Once the design was finalised, we transitioned into the actual implementation of the first RCT. First results indicate that there is no significant difference in an individual’s interest in social innovation crowdfunding campaigns when FFG funding is mentioned or not. Generally, there was overall high interest in the campaigns. No robust results could be derived from the first RCT due to issues with data collection, however, thus a second RCT will be conducted in the 2nd reporting period to determine causal links. The main results from the second RCT show that, overall, financial support from the FFG – in particular seed funding - has positive effects for the CF Campaigns of social innovation projects, however the positive effects are differentiated by gender. When it came to measuring the demonstrated interest, females in seed funding demonstrated significantly more interest than females in the other two groups, whereas there was no statistically significant difference among men in different treatment groups. Furthermore, there is evidence that indicating financial support from the FFG positively affected an individual’s perception of campaign success and project success, although the gender component also played a role here. Specifically, females in the seed group perceived the social innovation projects to be much more likely to succeed in meeting their project goals compared to females in the other two treatment groups and males in the seed group. On the other hand, males in the challenge match funding group perceived the CF campaigns to be more likely to succeed in meeting their campaign targets.

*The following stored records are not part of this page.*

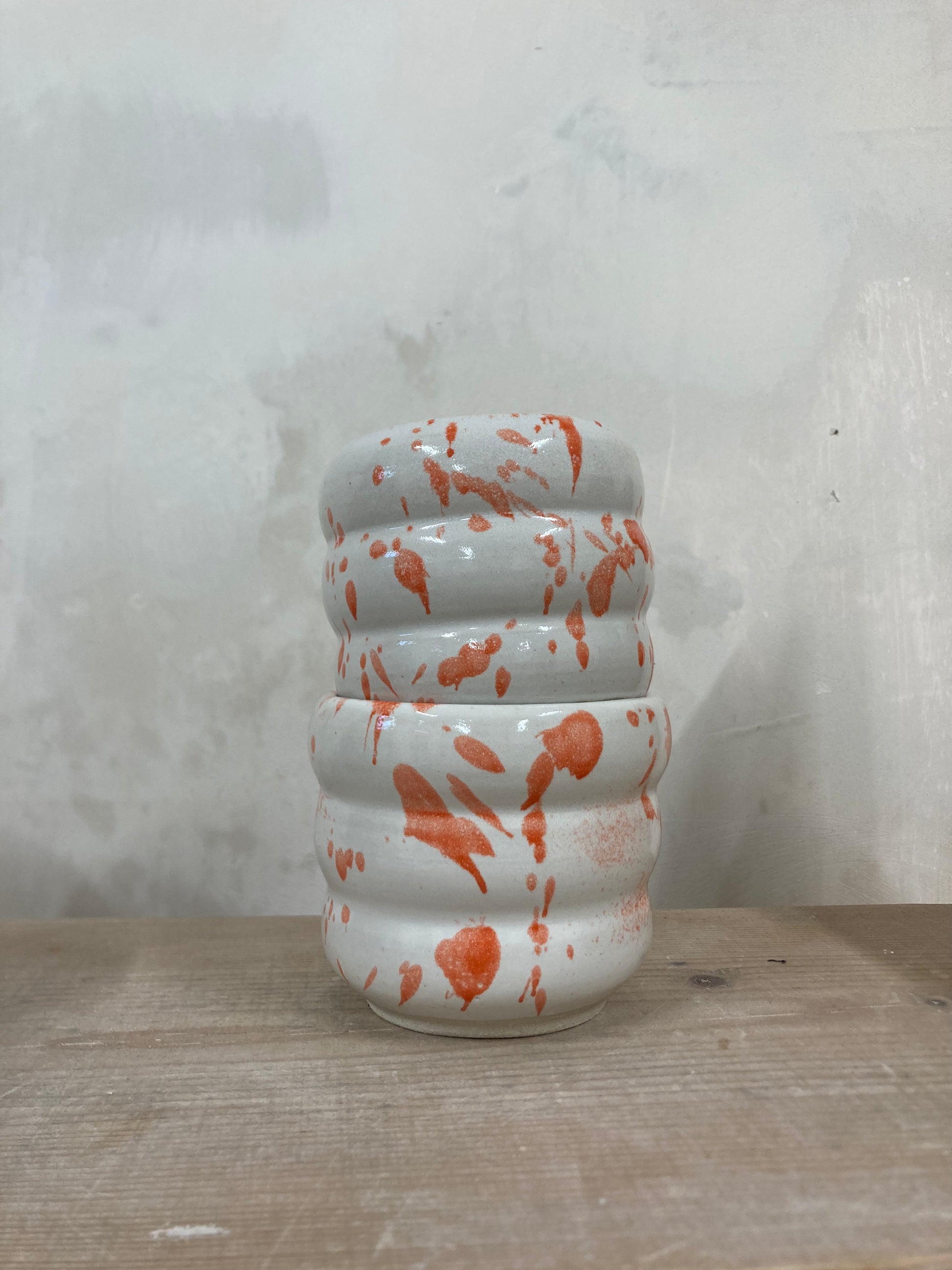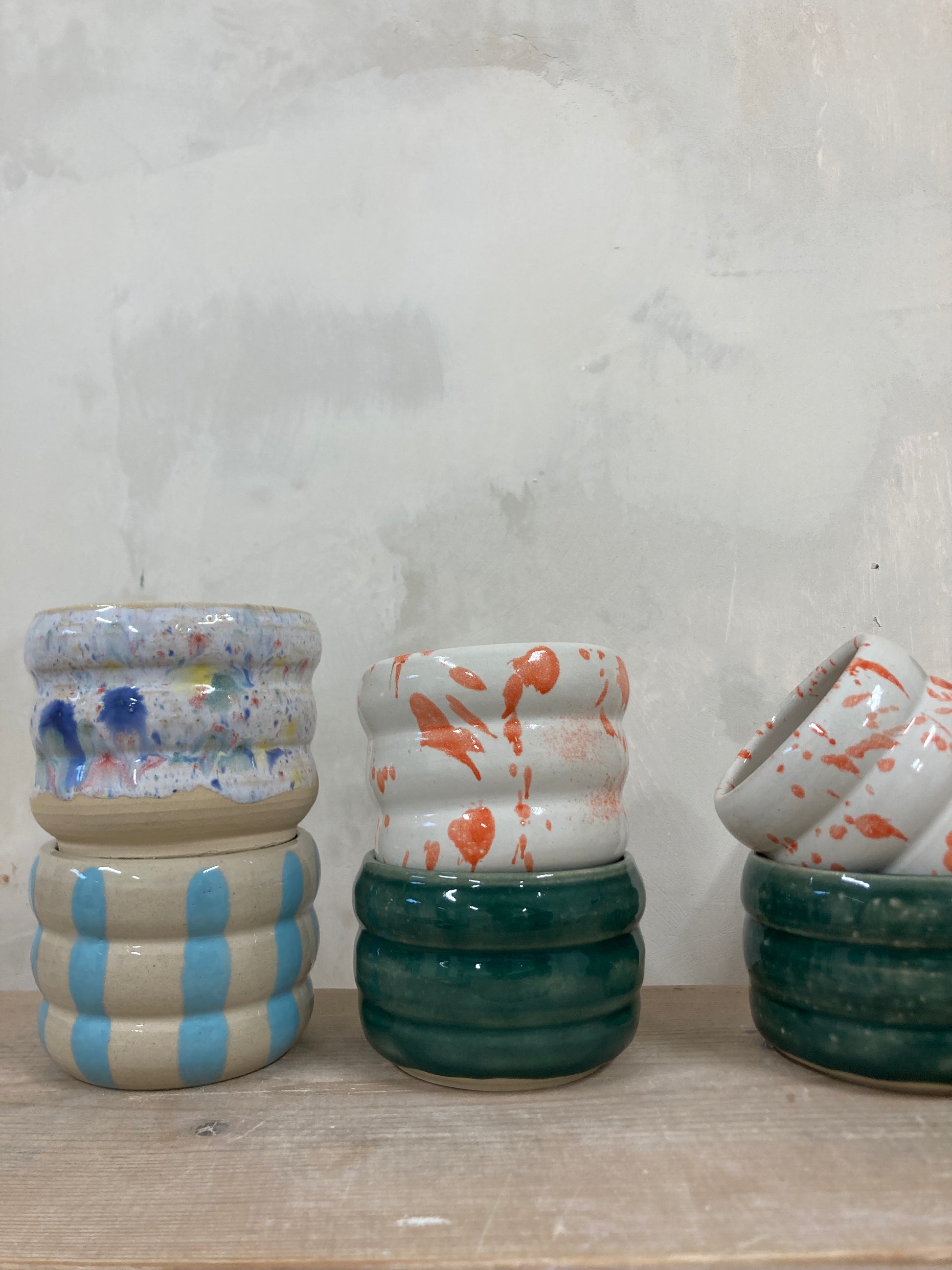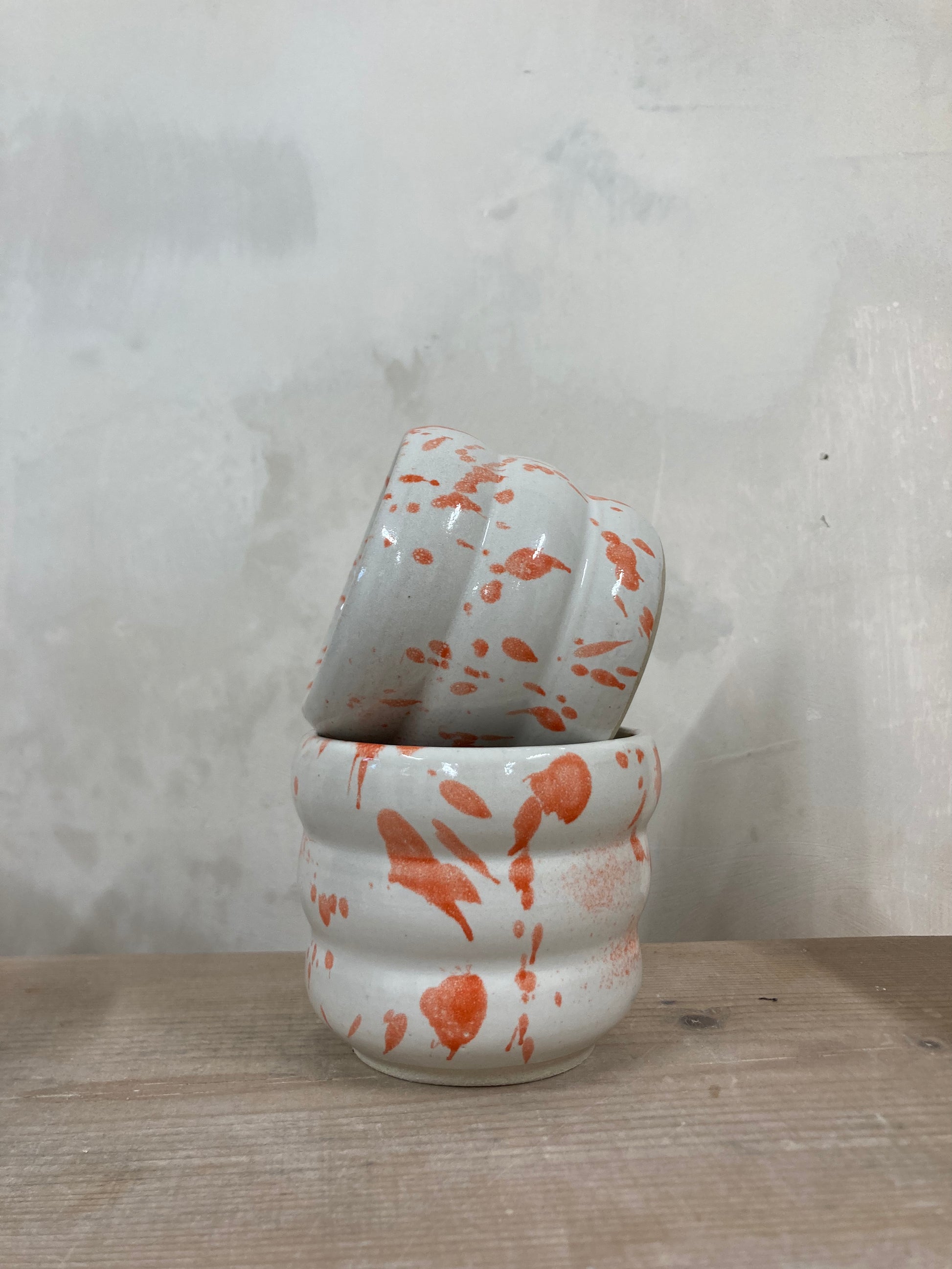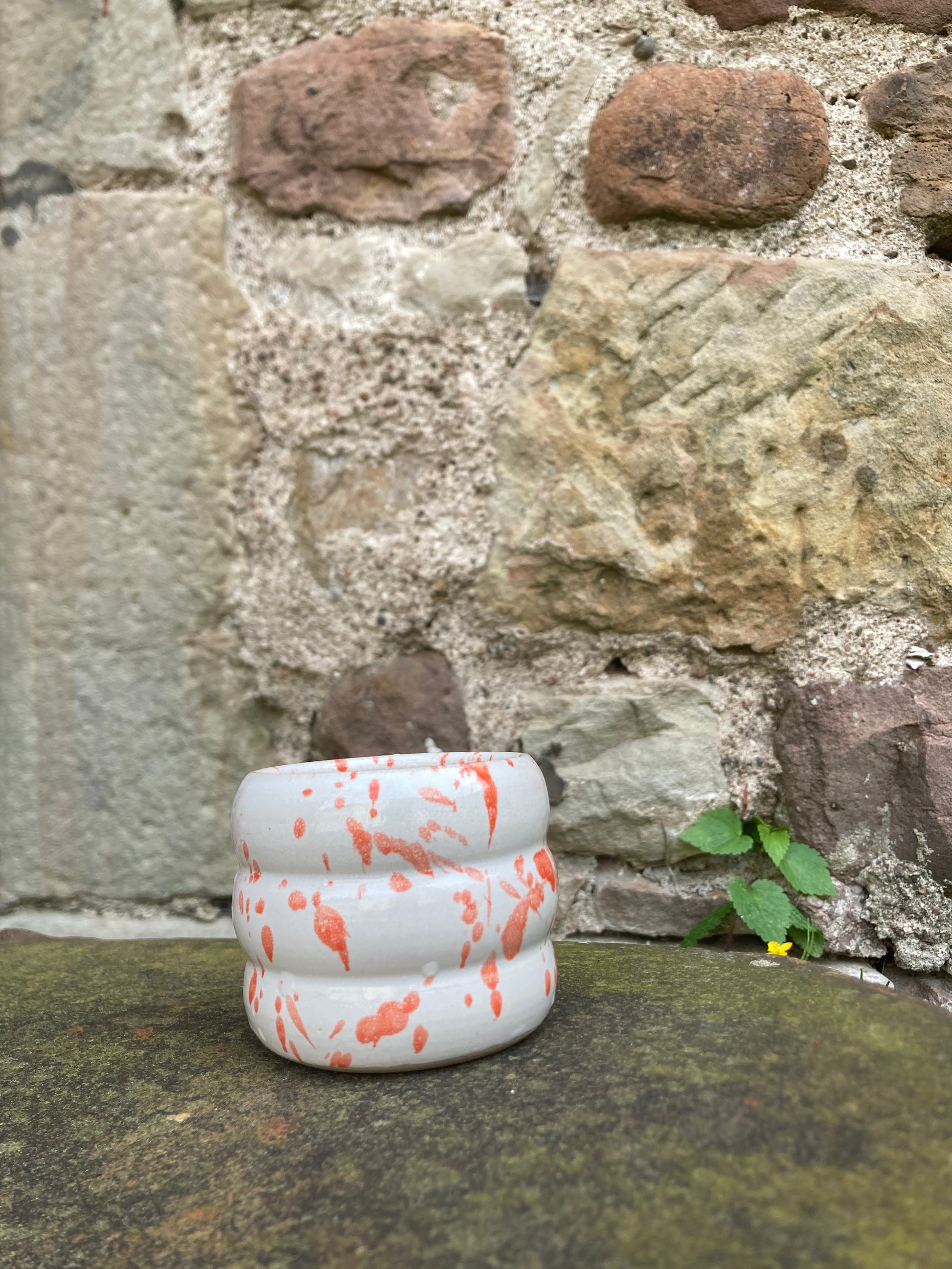 Wobbeliger Cappuccino Becher in orange gesprenkelter Glasur. Perfekt für deinen ruhigen Moment im Alltag. Spülifest.
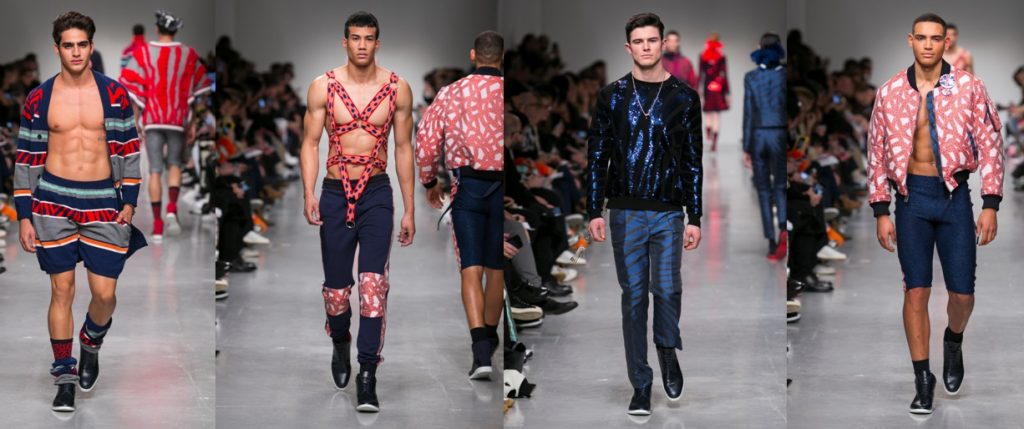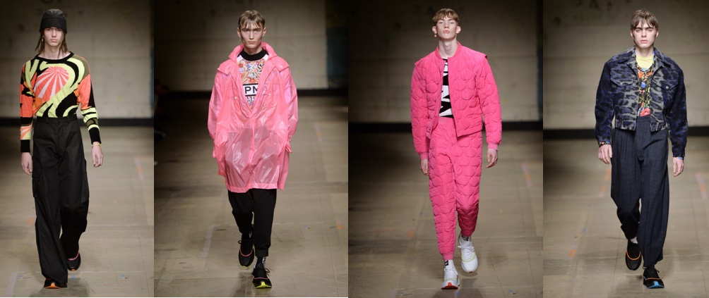 Topman Design took inspiration from the pubbing and clubbing of the ’90s, with plenty of sportswear, sherbet neons, macs, and and psychedelic prints present.
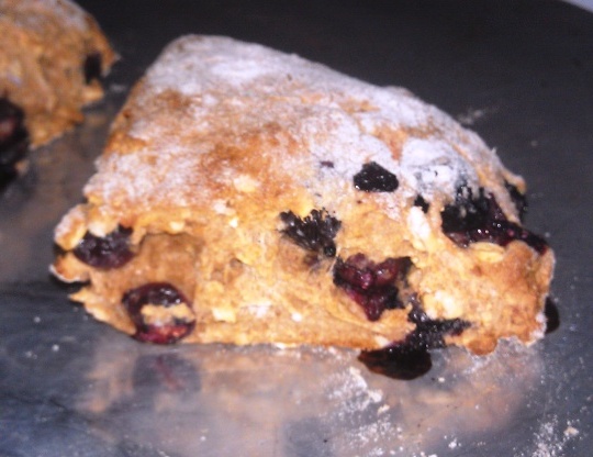 Inspirée de la recette 371363 de Lalalous, cette recette de scone simple est si facile que vous pouvez la préparer le matin avant le travail! Les framboises fonctionnent bien aussi - utilisez l'extrait d'amande si vous utilisez des mûres! J'utilise des baies congelées (celles qui sont congelées individuellement et non celles du sirop), et j'aime bien mes baies. Mon panier de baies ressemble donc davantage à un tas de 130 litres.
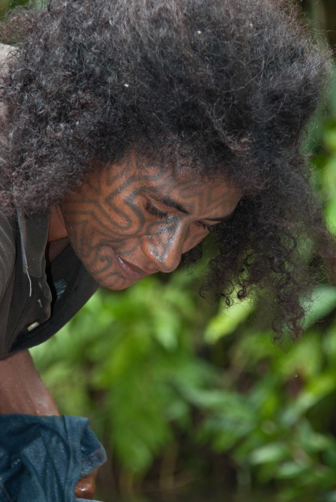 When a Tufi girl is ready for marriage she might, for some weeks, enter the hibernating process of getting a facial tattoo. The tattooing is an old traditional practice that has faded away and disappeared in most communities, but there are some areas where the tradition lives on.
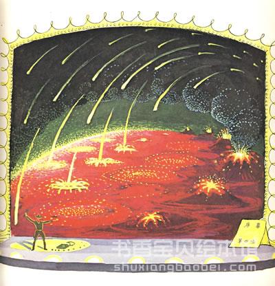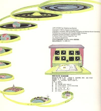 与上面两个作品相比,不论在题材、立意还是总体风格上,《生命的故事》(Life Story)都可以说是伯顿为数不多的独立创作的图画书作品中十分特殊的一部。这部颇具史诗气魄的作品别出心裁地将地球迄今为止的地理与生命演化历史浓缩在一个五幕剧里,并以极为浅近而又大气的语言,以及宏阔华丽又充满迷人的细节的画面,呈现了这一出对我们来说显得既遥远又切近的时空图景。
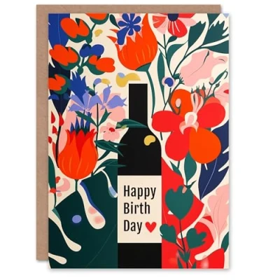 Artery8 Birthday Card Floral Wine Bright Flowers Bottle Bold Design For Her Gran Sister Niece Daughter Wife Woman Greeting
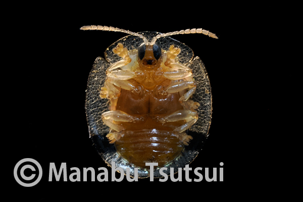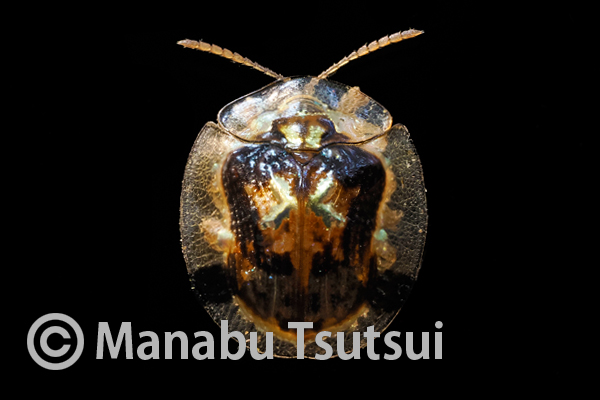 種名「ジンガサハムシ」を代表として各種いますが、背中の隆起が高く立体的で、もっとも陣笠に形状が近いのがセモンジンガサハムシのような気がします。
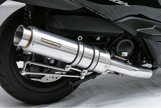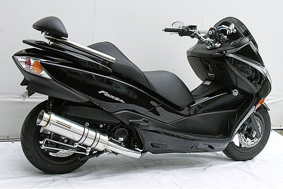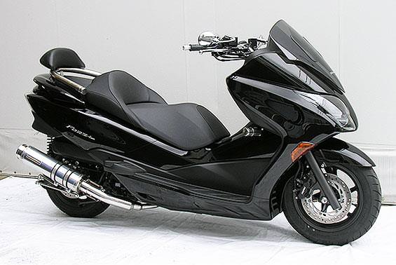 ■受注生産商品となっており、商品手配後 2週間程度入荷にお時間を頂きます。■大柄なビッグスクーターの車体にマッチするよう、極太のエキパイ60mm径、サイレンサー110mm径という仕様で、バランスのとれた仕上がりなっています。メタルタイプはステンレスをバフ磨きでピカピカに仕上げています。排気口はステンレス削りだし部材を採用し無骨で迫力のある「BSタイプ」です。サイレンサーバンドにはスリットタイプを採用してデザインにもこだわっています。サイレンサーの固定にはサイレンサーバンドを採用し、バフ仕上げを施したステンレス製丸棒で組んだステーを介して固定しておりますので、従来のステーの固定より車体と調和した高級感あふれるマフラーです。オールステンレス製で、エキパイからサイレンサーまでバフ仕上げを施しています。低中速を落とすことなく高回転でスムーズに回り扱いやすい設定になっています。振動防止のためサイレンサーとエキパイが2分割となる安心設計になっています。サイレンサーは、3点止めになっていますのでしっかりと固定でき、耐久性にも優れています。無加工ボルトオンにて装着できますので、必要な工具があれば簡単に取り付けできます。(取り付けに必要なボルト類は全て付属しております。)サイレンサーはストレート構造ではなくフロント部にパンチングを施した作りになっていますので、音量は静かめに抑えられており近所迷惑になる事無く安心して走行できます。ローダウンにも対応しておりますので、安心してご使用下さい。バッフル装着時 約89db(法定規制値内音量)バッフル非装着時 約92dbになります。
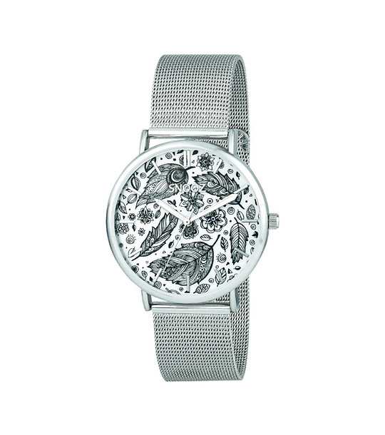 Un ceas cu afișaj analogic și un design interesant al cadranului.
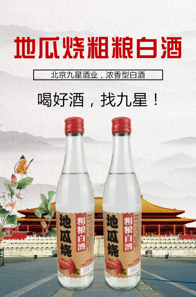 北京九星酒業有限公司是一家集產品研發,生產銷售為一體的現代化白酒規模企業。目前開發的主要是皇城門系列白酒產品。是以優質高粱為主要原料,用大麥、小麥、豌豆制成大曲,輔多種微生物為糖化酵劑,再經過長期發酵,緩慢蒸餾,取之精華,經多年陳貯后,精心勾兌而成。以“清香幽雅,醇厚綿甜,尾昧爽凈”的獨特風格,深受各界朋友的青睞。
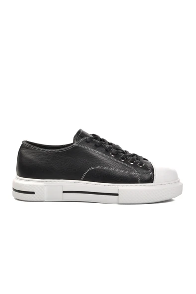 Marcomen Siyah Beyaz Hakiki Deri Erkek Casual Ayakkabı

Communication and dissemination activities were targeted at different stakeholders, namely innovation agencies, innovation policy makers, evaluators and researchers, cross-sector activites, and the crowdfunding community. Innovation agencies were generally adressed by having presentations in the FFG and in the TAFTIE Task Force Experiment! as well as creating a new internal process in the FFG for experimentation and RCTs. In addition, innovation policy makers were informed by conducting a workshop and presentation, reaching out to program managers at the FFG and the advisory committee of the General Programmes. Evaluators and researchers could be reached by attending conferences (CODE@MIT, WISE 2021) and a submitted paper to Management Science by our scientific partners UMN as well as a cooperation with the Vienna University of Economics and Business for a master thesis. Furthermore, cross-sector activities encompassed a panel session at the EU industry weeks 2021 and the presentation at the Social Entrepreneurship Network Austria. Finally, we informed the crowdfunding community by giving a presentation to Startnext, our partnering crowdfunding platform, and the FFG submitted a case study to Eurocrowd.
There is little evidence investigating the success of crowdfunding campaigns for social innovation projects when conducted in the realm of a grant from a public institution. With the RCT in SIM CROWD, we are gaining robust evidence on the efficacy of combining crowdfunding campaigns and financial support from public institutions to successfully finance early-stage social innovation projects. These evidence-based results can be used to inform innovation policy and potential policy instruments on an organizational, national, and international level - which means both promoting a new policy based on positive results and not rolling out a policy based on negative results. Either way, it ensures that the future support measures offered from public innovation agencies are both a good use of public money as well as only positively impact SMEs.